Album Title: Invisible Cities
Performer: Nomo
Label: Ubiquity Records
Play Time
: 60'02"
Recorded: 2008


The title track from Nomo's sixth album begins in typical Afrobeat fashion: tight horns illustrate a pungent shape, bass and drums drive circular rhythms, Nomo leader Elliot Bergman snorts a soulful tenor solo. But beneath the standard Afrobeat-isms, almost subliminally, Nomo re-contextualize the song: a luminous electric kalimba swells, distorted guitar clutters the left channel, ripping sounds and chirping crickets erupt from the right. Finally, nothing remains but the gamelan tones of the electric kalimba.

Invisible Cities repeats such clever composites throughout its nine tracks, updating Fela Kuti's innovations with electronics, junk instruments and novel arrangements and ideas. This Ann Arbor-based tentet has been entertaining the Midwest since 2004's Nomo, attracting everyone from college hipsters and crate diggers to Afrobeat purists.

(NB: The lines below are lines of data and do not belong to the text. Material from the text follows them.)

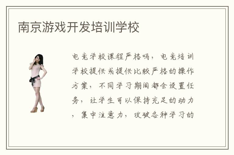 电竞学校课程严格吗,电竞培训学校提供或提供比较严格的操作方案,不同学习期间都会设置任务,让学生可以保持充足的动力,集中注意力,攻破各种学习的难关。很多学习软件技术的学员都选择到南京游戏培训去学习软件技术,在这里学习软件技术会很轻松就能掌握专业的知识。在学习时,如果有难题,学生可以报名南京电竞培训学校,得到老师的严格训练。这些南京游戏开发培训在办学上,还是教师资源上,都是不错的软件学校。这几所南京游戏开发培训办学方针就是:培养一批有良好工作作风,良好职业素养,在专业知识和专业操作上都熟练掌握的成熟的程序员。游戏开发专业多人吗,游戏专业的报名学生特别多,主要原因是前景广阔,而且学习难度不算高。游戏开发项目特别多,涉及到的知识点和技术内容也非常丰富,比如技术人员需要掌握游戏编程语言的课程。
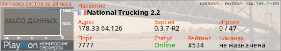 ID: 65566Ссылка: https://playmon.ru/server/178.33.64.126:7777
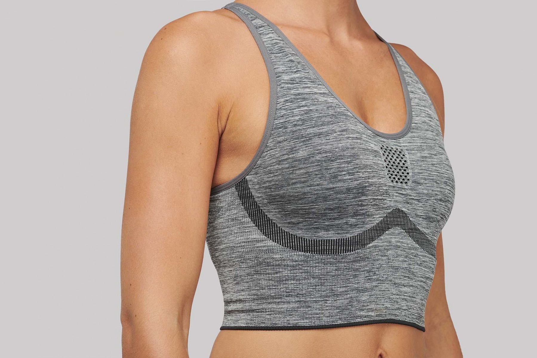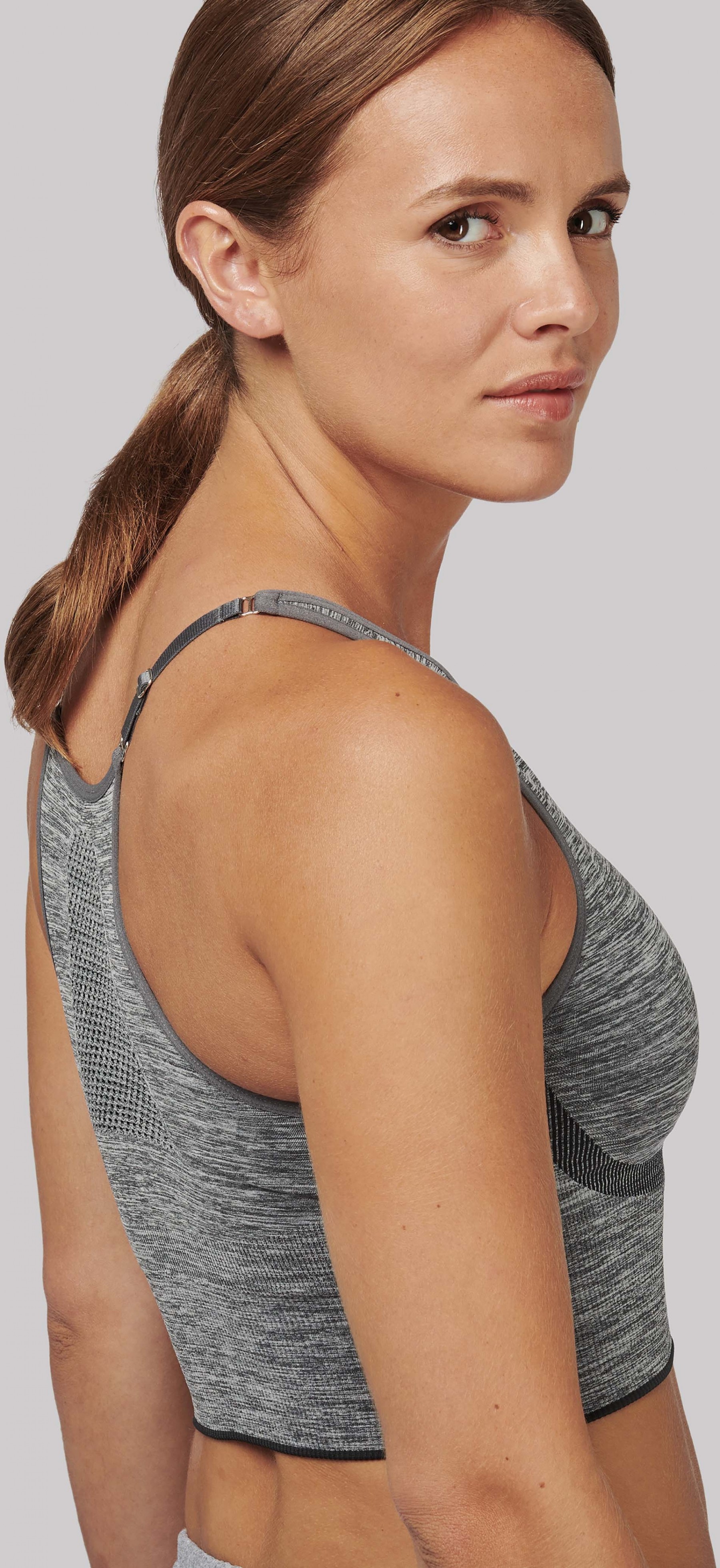 48% polyamide / 41% polyester / 11% élasthanne. Maille doublée avec un tricotage ergonomique pour un excellent maintien et confort grâce à sa conception sans couture. Bretelles réglables et coques préformées amovibles. Coupe étudiée pour une pratique multisports.
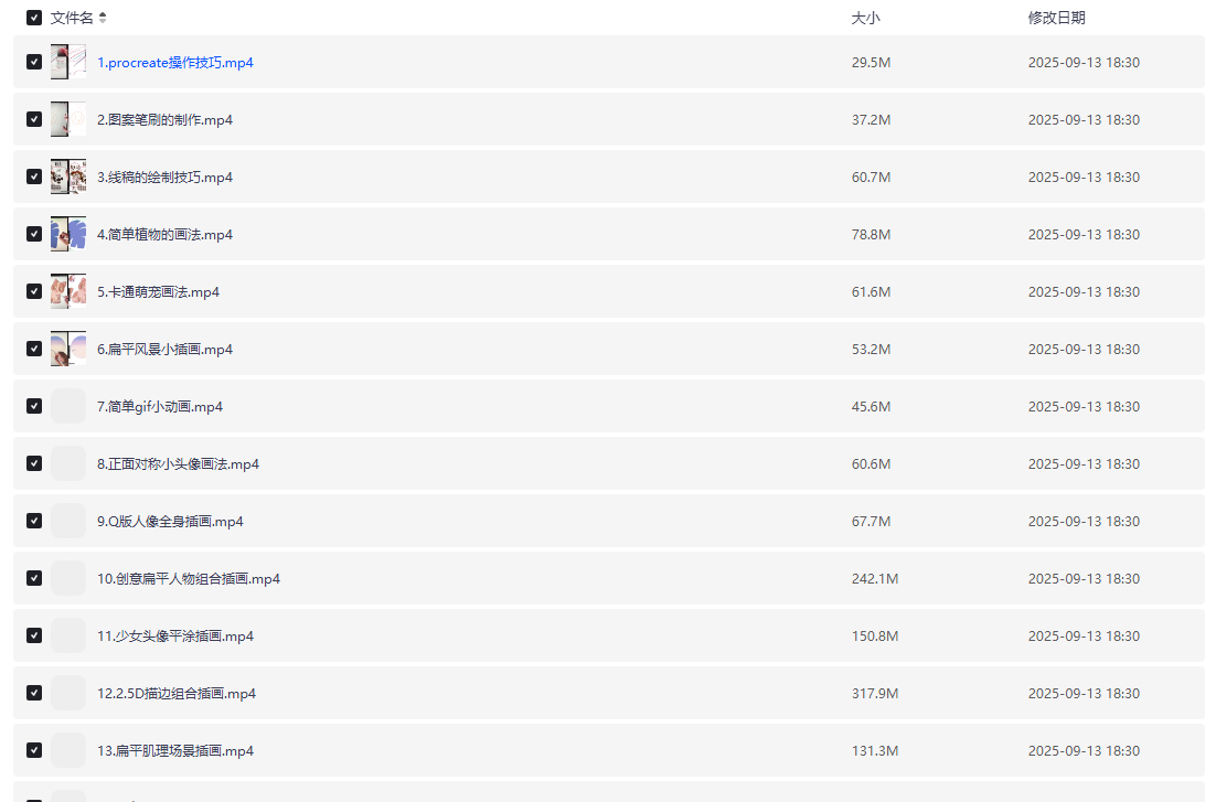 • 夸克网盘 iPad插画零基础入门第13期课程 【6.8GB】
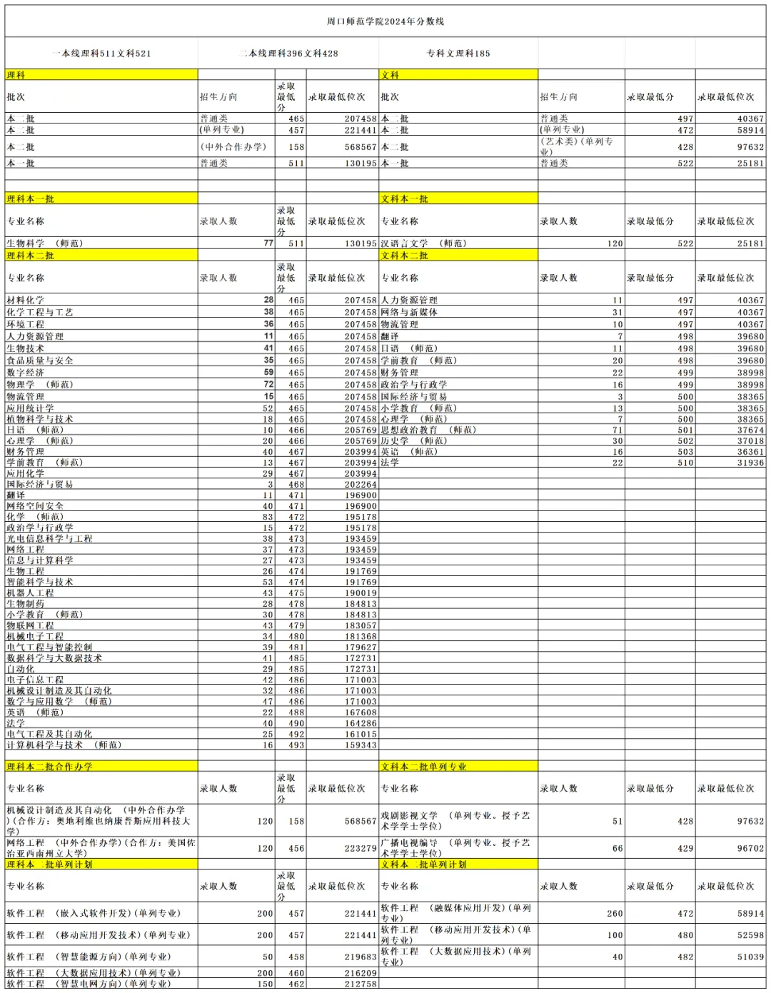 从最近几年分数录取趋势周口师范的最低录取分数逐年下降,每年基本1万位次的降。2024年各专业录取分数:
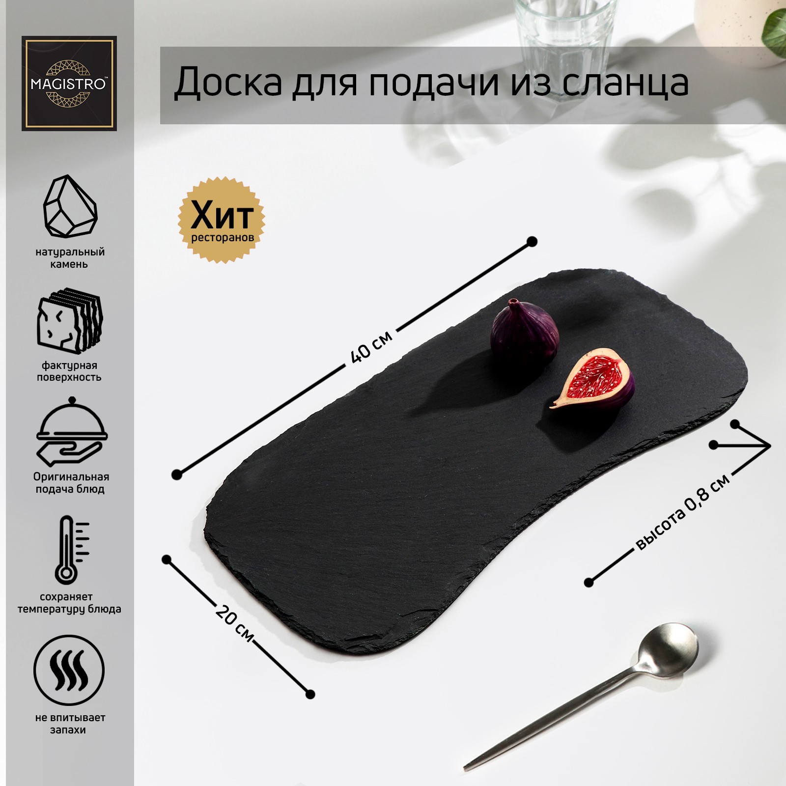 Доска для подачи из сланца Magistro Valley, 20x40 см
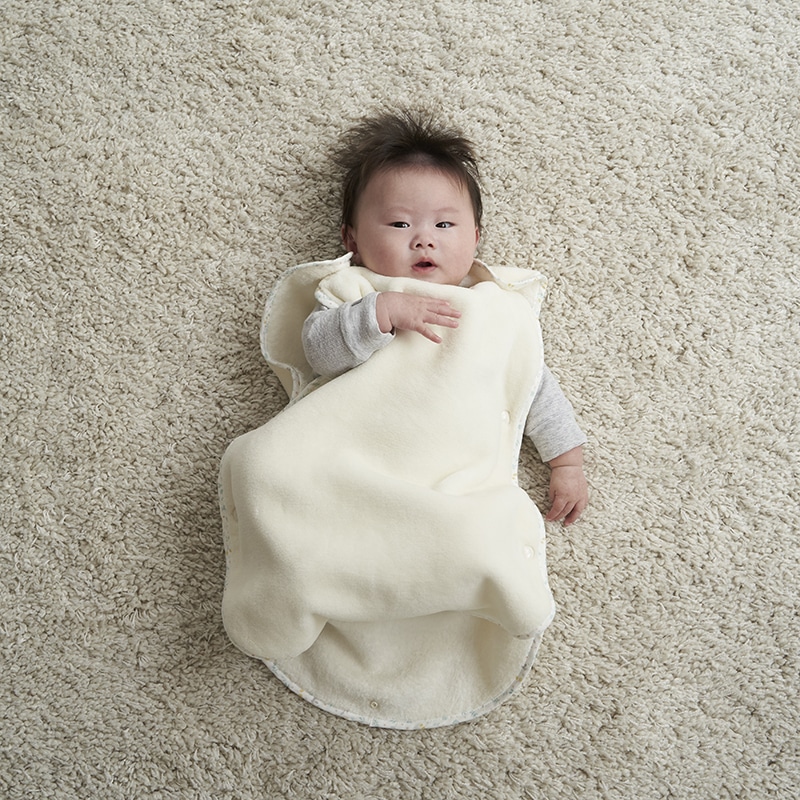 パイル糸に綿100%を使用した、綿毛布の生地を使ったスリーパーです。
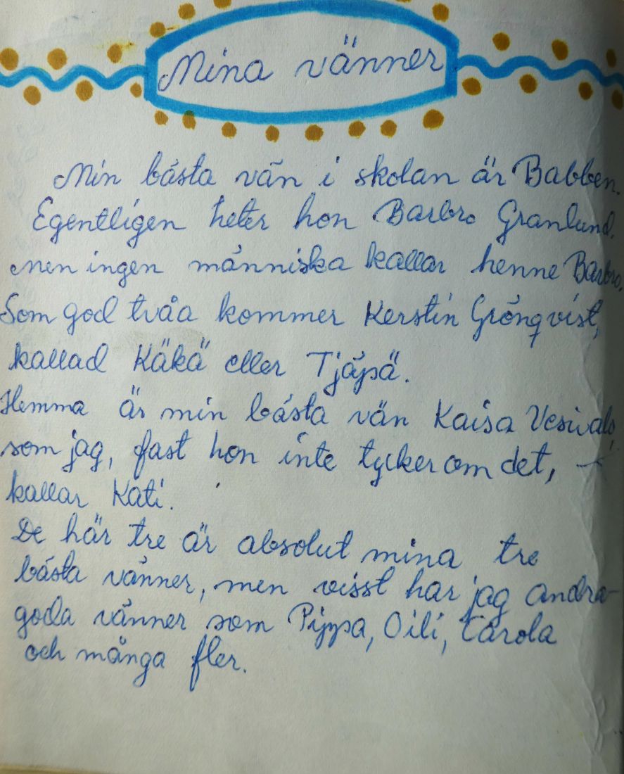 Min äldsta vän är min klasskamrat Barbro som jag träffade när jag började tredjeklass. Hon bor kvar i Finland och vi har kontakt via brev och mejl men har inte träffats sedan jag flyttade till Sverige 1978!Fotot är ur min dagbok 1968 då jag var 13
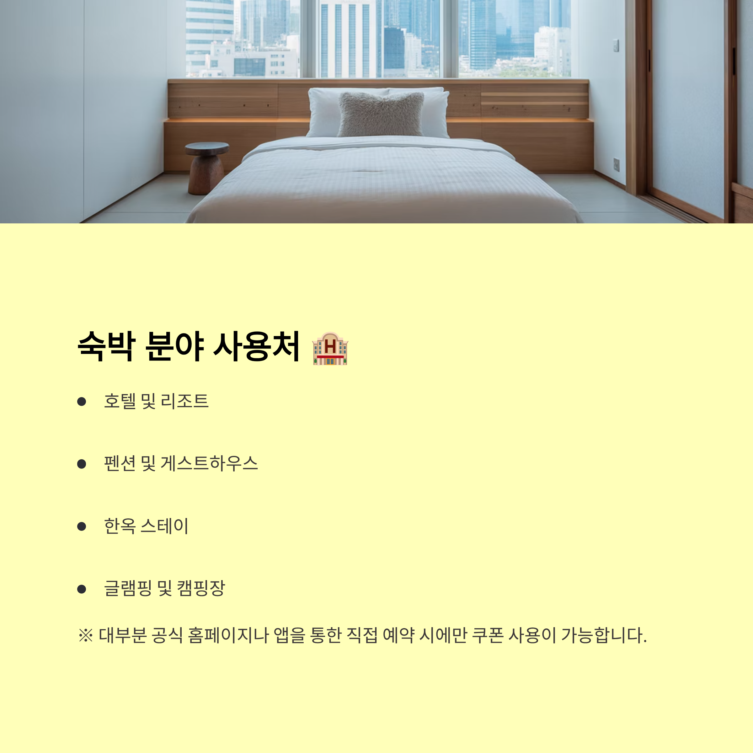 | 숙박 | 호텔·펜션 일부 연계 | 호텔+리조트 할인 | 관광숙소 객실 할인가 |

Invisible Cities is the sound of an experienced creative outfit in their prime, combining styles and sources at will rooted in Afrobeat but infused with a wonderfully polyglot approach. Dan Bennett's muted drum patterns roll lazy horns and a skanky sci-fi guitar riff in "Ma" sounding like a deranged Les Baxter complete with female ("la la la") Tiki vocals. "Banners on High" approximates Can and Krautrock, squealing effects and a radiant electric piano coiling over space rock drumming and a cacophonous horn section. "Nocturne" explores five electric kalimbas, a hypnotic vocal chant and a freak electronic solo. "Waiting" is Afrobeat party groove meets free jazz tenor madness. Invisible Cities -- implying impermanence and imagination -- is an apt title for such a beautiful, nearly perfect album.